We want to be famous as a writer, as a poet, as a painter, as a politician, as a singer, or what you will. Why? Because we really don’t love what we are doing. If you loved to sing, or to paint, or to write poems, if you really loved it, you would not be concerned with whether you are famous or not.

Growing up in a pre-Internet age, I hadn’t ever even considered the possibility of fame. While my career aspirations ranged from cartoonist to architect, being famous was never a part of my future narrative. The rise of social media in recent years, however, has revealed an intense desire for validation in me and I’m not really sure it’s for the better. I yearn for “likes” as a means of confirming my existence. That can’t be good.

Here’s where I disagree, at least somewhat, with what spiritual leader Jiddu Krishnamurti posits in the quote above. Generally speaking, I do enjoy writing. This blog is nowhere near my primary source of income and it clearly hasn’t made me famous, yet it consumes so much of my time. If I didn’t love what I was doing here, I wouldn’t still be doing it.
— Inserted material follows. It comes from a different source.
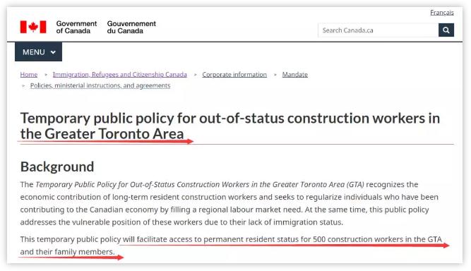 这项移民申请仅限于居住在多伦多、Durham区、Halton区、Peel区和York区的建筑工人。申请于2020年1月2日正式开放,截至2022年1月2日。
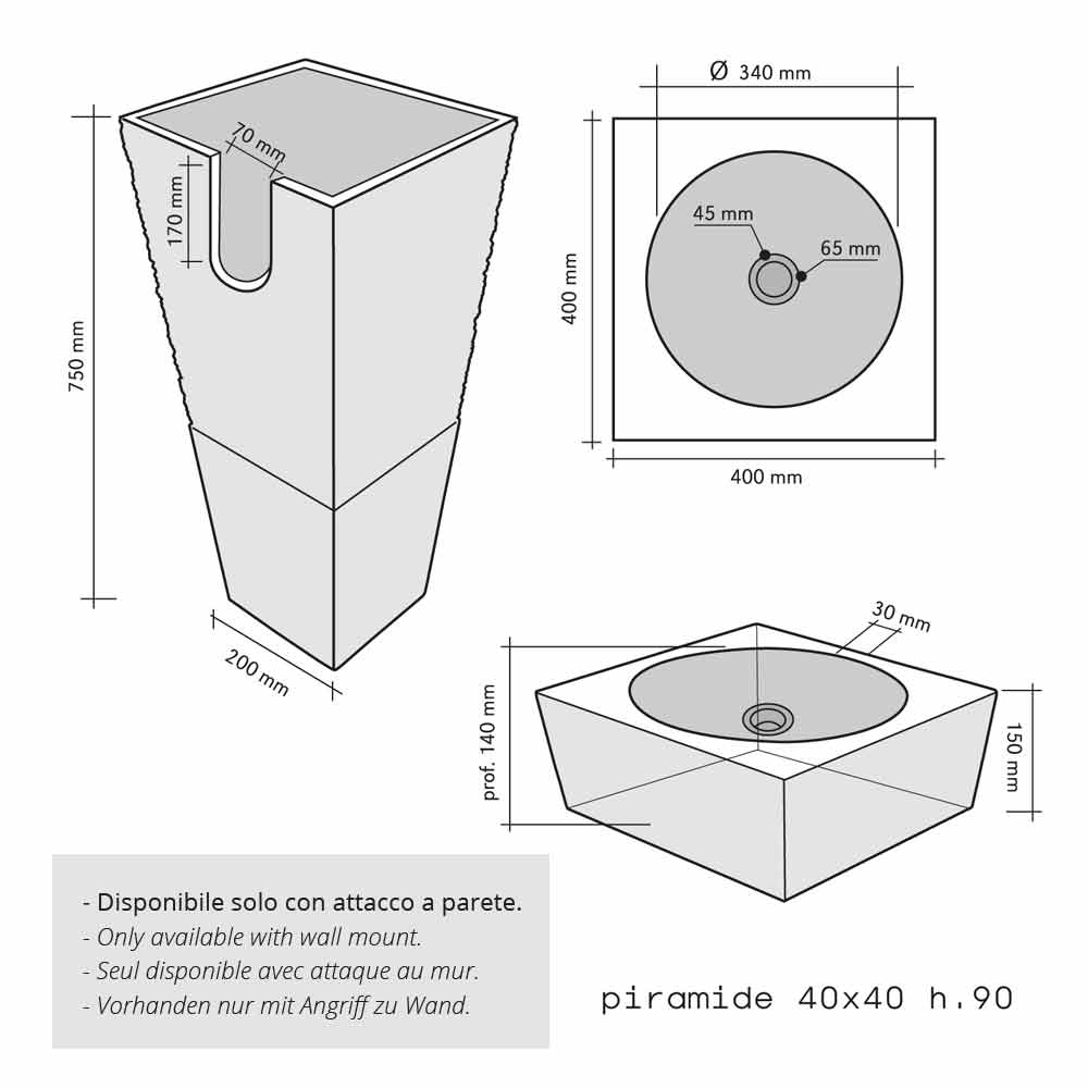 Lavabo piramidal de columna de piedra natural color negro modelo Nias

We’ve been told repeatedly that we should do what we love and the money will follow, except that’s not true at all. The money, the fame, the success or any other measure of so-called “achievement” is hardly automatic. You have to work for it and you need to have a little bit of luck on your side. But sometimes we get so caught up in the potential pot of gold that we forget why we’re doing what we’re doing in the first place.

Do what you love. Do what you’re passionate about. Even if it makes you zero money and no one even knows you’re doing it, it’s still worth doing. You might concern yourself with fame and you might not. It doesn’t matter. If you really love doing it, as Jiddu Krishnamurti exclaims, you’ll keep doing it in fame’s absence. Because you want to make a thing.

To want to be famous is tawdry, trivial, stupid. It has no meaning. But because we don’t love what we are doing, we want to enrich ourselves with fame. Our present education is rotten because it teaches us to love success and not what we are doing. The result has become more important than the action.

The prospect of the end product can be a tremendous source of motivation. I welled up with pride when I published one book and then another. But if I’m being completely honest, these books have hardly earned me any fame or fortune. And that has been seriously deflating for me, particularly because I poured my heart and soul into that work.

But then I have to remind myself that the process is more important and more meaningful than what eventually comes out the other end. There will always be another project, another ambition, another thing to do. Another thing to make. And I extract great joy and purpose from the creation of that thing.

So do what you love because you love doing it. Nothing more, nothing less. Do it because it calls to you. Do it because you must. And just let all that other stuff melt away.

Jiddu Krishnamurti was born in India and raised to be a World Teacher. He rejected this path and pursued his own philosophical journey, emerging as a spiritual leader open to exploring all faiths, nationalities and belief systems. He passed away from pancreatic cancer in 1986. He was 90.